Incentive-based evaluation and compensation have a long record of being ineffective, counter-production, and not cost effective (see Hout & Elliot, 2011, and Kohn, 1993/1999). Yet, as with the compelling message about teacher quality and student outcomes, competition and incentives are almost universally embraced in U.S. culture without regard for the evidence (see Worthen, et al., 2009, regarding competition).
That leads to the revelations about the previously unexplored problems at Microsoft exposed by Eichenwald—the Cannibalistic Culture of stack ranking by which all workers are evaluated on an imposed scale of ranking in order to identify the elite workers.
If Eichenwald’s characterization of the ranking as corrosive is accurate, leading as it did to workers “competing with each other,” then we can anticipate a truly disturbing reality to occur when teachers are held accountable for their students’ grade as significant percentages of their evaluations and compensation: Teachers will begin to use their students as weapons of mass instruction to defeat the students of the competing teachers, either in their own school or within the district.
This is a debilitating and ethically corrupt outcome that cannot be avoided if we continue to seek incentive-based, VAM approaches to teacher quality.
Education and teacher quality absolutely need to be reformed, but increasing the Cannibalistic Culture for teachers and students is not the path we need as a free people seeking universal public education as a central institution supporting democracy.
Education is a collaborative venture; a culture of competition is poison in the teaching/learning dynamic. Labeling, sorting, and ranking teachers and students is inexcusable in any form as long as we are genuinely committed to fostering a culture of collaboration necessary for learning.
The Cannibalistic Culture has created the winners who call for expanding that game.
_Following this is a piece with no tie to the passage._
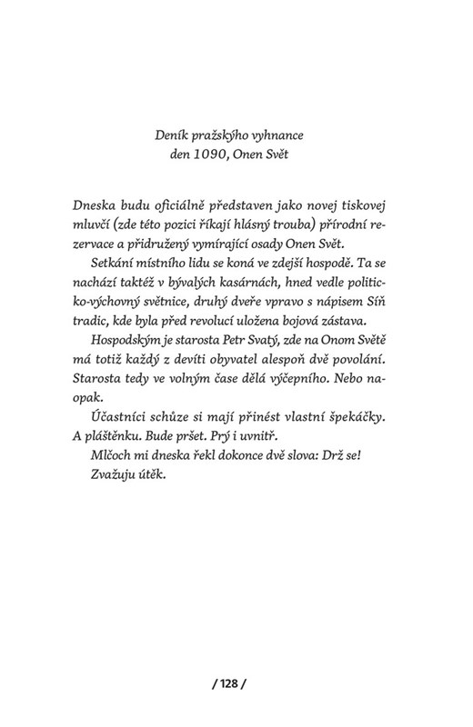 Brnem to neskončilo, Josefa Ječmínka čeká další dobrodružství, které dosáhne mezinárodního rozměru. Pražský policista si po nedobrovolném přesunu do Brna myslel, že už ho nic nemůže překvapit. Když po něm však pátrá FBI, CIA i Chuck Norris, je z bezpečnostních důvodů odklizen na Šumavu, kde v utajení zastává funkci mluvčího chráněné krajinné oblasti Onen Svět. Parta místních podivínů zahrnující starostu se sebevražednými sklony, bývalého strážce hranic, šumavského kovboje i vietnamského provozovatele autoservisu mu to ale moc neusnadňuje. Tím spíš, když v osadě dojde k vraždě seniora z Prahy a Josef se stane hlavním podezřelým a hvězdou televizní reality show Česko hledá vraha, kterou doprovází legendární reportérka Dorota Křivákova. Z Onoho světa se stane vyhledávaná true crime lokalita a Josefovi jde navíc po krku Američan pátrající po dávném šumavském tajemství, které může zásadním způsobem ovlivnit pohled na moderní dějiny lidstva.

The Cannibalistic Culture benefits only the winners as it forces the status of loser upon most people regardless—again consider the stack ranking at Microsoft.
Teacher evaluation and education need to be reformed toward a culture of collaboration, a culture that encourages human interactions that are not about winning or losing and not about fighting for ever-shrinking pieces of the pie.
Public education and teacher quality reform currently being pursued is certain to drive good people from teaching and to ask less and less of both teachers and students. We have ample evidence from the disturbing Microsoft story being revealed to us, but we also have the stories of generations of teachers who know how education and teaching need to be supported and reformed.
Teachers want all students to succeed. Teachers want to be treated as professionals. Teachers want school conditions that support their work as educators.
Teachers do not want to use their students to outperform some other teachers’ students.
A Cannibalistic Culture will certainly create students as weapons of mass instruction that will destroy universal public education.